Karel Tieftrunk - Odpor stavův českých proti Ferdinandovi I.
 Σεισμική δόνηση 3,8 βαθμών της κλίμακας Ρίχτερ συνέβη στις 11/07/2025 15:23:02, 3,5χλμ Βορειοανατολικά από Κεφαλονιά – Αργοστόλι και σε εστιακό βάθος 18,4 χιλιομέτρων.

..........

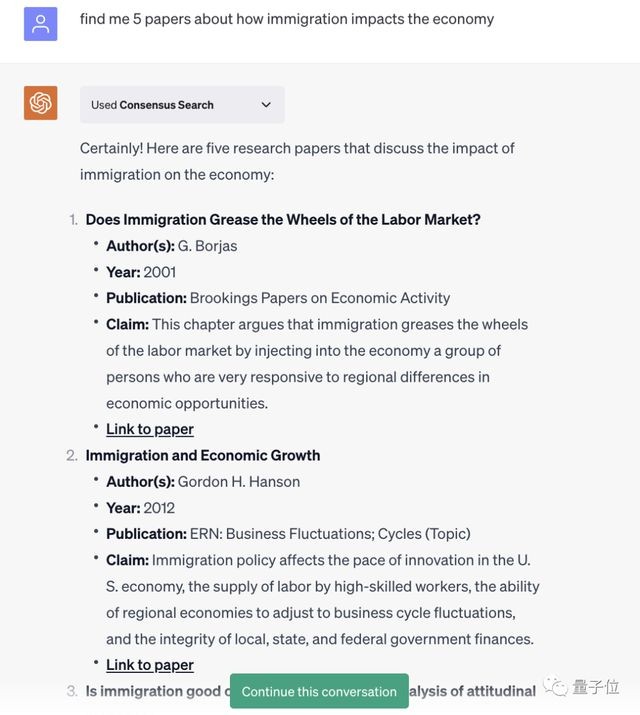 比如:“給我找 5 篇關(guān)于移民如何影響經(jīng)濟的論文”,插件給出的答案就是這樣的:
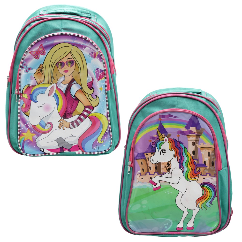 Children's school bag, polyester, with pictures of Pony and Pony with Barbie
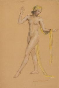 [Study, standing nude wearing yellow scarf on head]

..........

From the records above, output only the lines starting at the one containing "Children's school bag, polyester, with" and ending at the one containing "[Study, standing nude", word for word. Pictures stay out.

 Children's school bag, polyester, with pictures of Pony and Pony with Barbie
 [Study, standing nude wearing yellow scarf on head]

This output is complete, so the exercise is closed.